Lebih lanjut, Ruhadi lebih memilih menjaga aksi massa damai ketimbang demo yang berujung ricuh. Menurutnya, lebih asyik jika demo berlangsung damai, sebab tidak terlalu menguras tenaga. 

Ruhadi menambahkan, aparat keamanan sesungguhnya tak suka menghirup gas air mata dan bertindak represif terhadap massa aksi. Namun, kata dia, manusia biasa pasti memiliki batas kesabaran. Ini yang membuat aparat keamanan membubarkan massa dengan gayanya sendiri.

"Siapa sih yang mau menghirup gas air mata terus-terusan, kami juga kena, beracun lho itu. Saya sih milih yang damai-damai saja," ujarnya.

Rindu keluarga itu pasti

Hal yang paling berat dalam menjalankan tugas sebagai Brimob, kata Ruhadi adalah meninggalkan keluarga. Apalagi, kata dia, seminggu sebelum ditugaskan mengamankan gedung Parlemen, dia sedang melakukan persiapan untuk dikirim ke luar daerah seperti Papua, Poso, dan Aceh yang belakangan juga mulai bergejolak.

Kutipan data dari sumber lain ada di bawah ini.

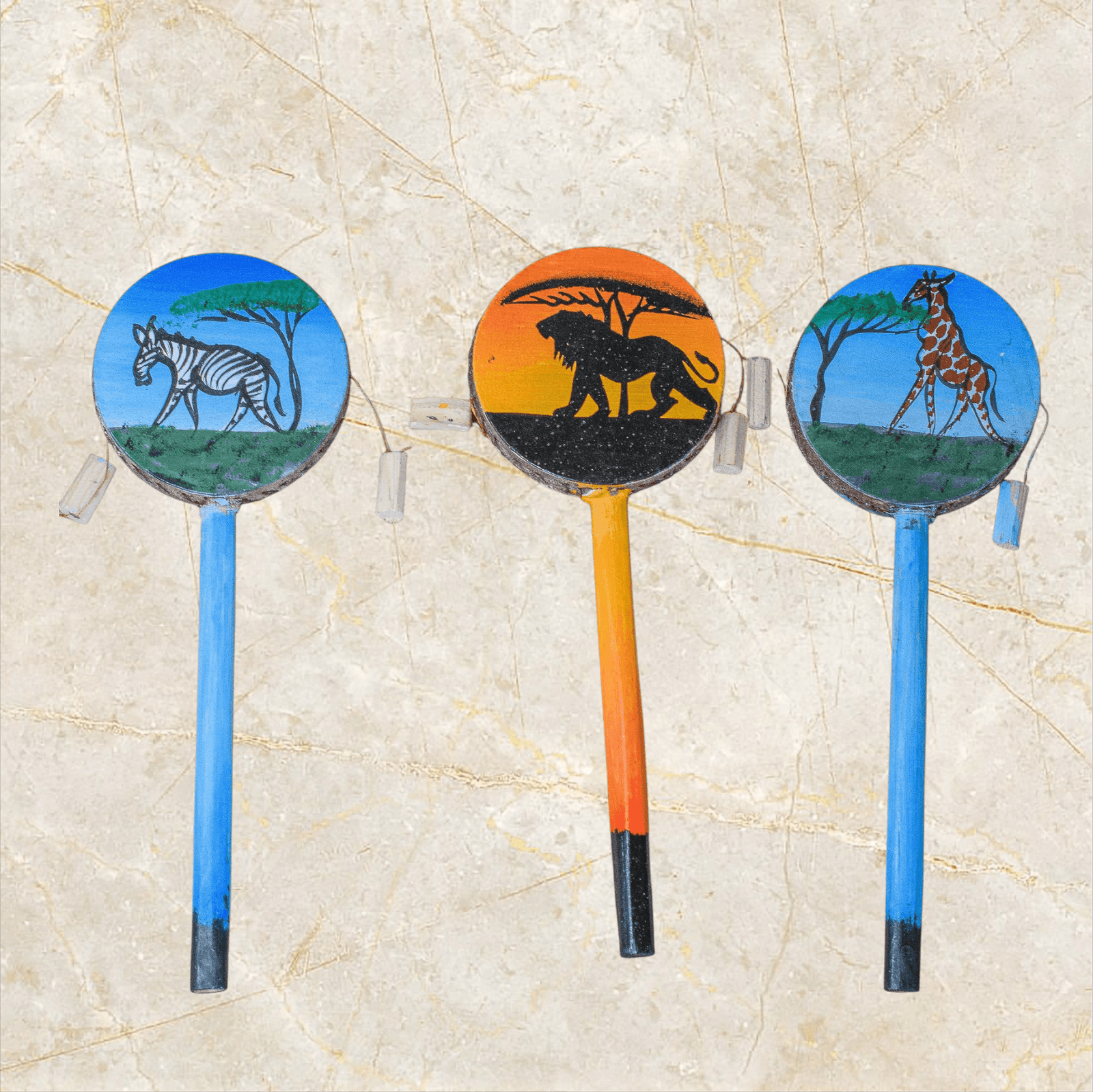 Experience the rhythm and beauty of Africa with this handcrafted African Tic-Tac Drum with Animal Illustrations. Skilled Kenyan artisans and beautifully hand-painted carefully hand-paint each piece to depict African wildlife set against a stunning sunset backdrop.

"Terus terang ya, saya sebelum ke sini, kita seminggu meninggalkan keluarga sudah. Latihan perisapan luar daerah, habis itu sampai sekarang belum ketemu keluarga lagi," kata Ruhadi

Hampir setiap pagi, kedua anaknya menelpon, pertanyaan 'ayah di mana?' atau 'kapan pulang?' menjadi hal yang sulit dijawab.

"Namanya keluarga, siapa yang enggak kangen sama keluarga. Setiap pagi sore anak-anak pasti telepon, nyariin saya," ujarnya.

Tak hanya dua anaknya yang disergap rasa rindu, sang istri pun demikian, khawatir dengan kondisi sang suami. Tapi Ruhadi mengaku selalu bisa menenangkan istrinya. Beruntung dia menikahi perempuan yang hingga kini paham betul tugas suaminya.

"Sedih lah kalau kita berpikir tentang keluarga, siapa sih yang mau meninggalkan anak istri. Untuk jagain orang yang kita tidak tahu siapa mereka, padahal di rumah juga harus ada yang jagain," ungkap Ruhadi dengan suara bergetar.

"Tapi itu risiko profesi, itu pilihan hidup saya. Keluarga saya harus memahami, ikhlas enggak ikhlas ya harus ikhlas," tambahnya.

Namun, dia punya cara untuk melepas rindu dengan keluarganya ini. Meskipun tak terlalu menuntaskan rindunya, setidaknya dengan video call, rasa lelahnya berganti semangat.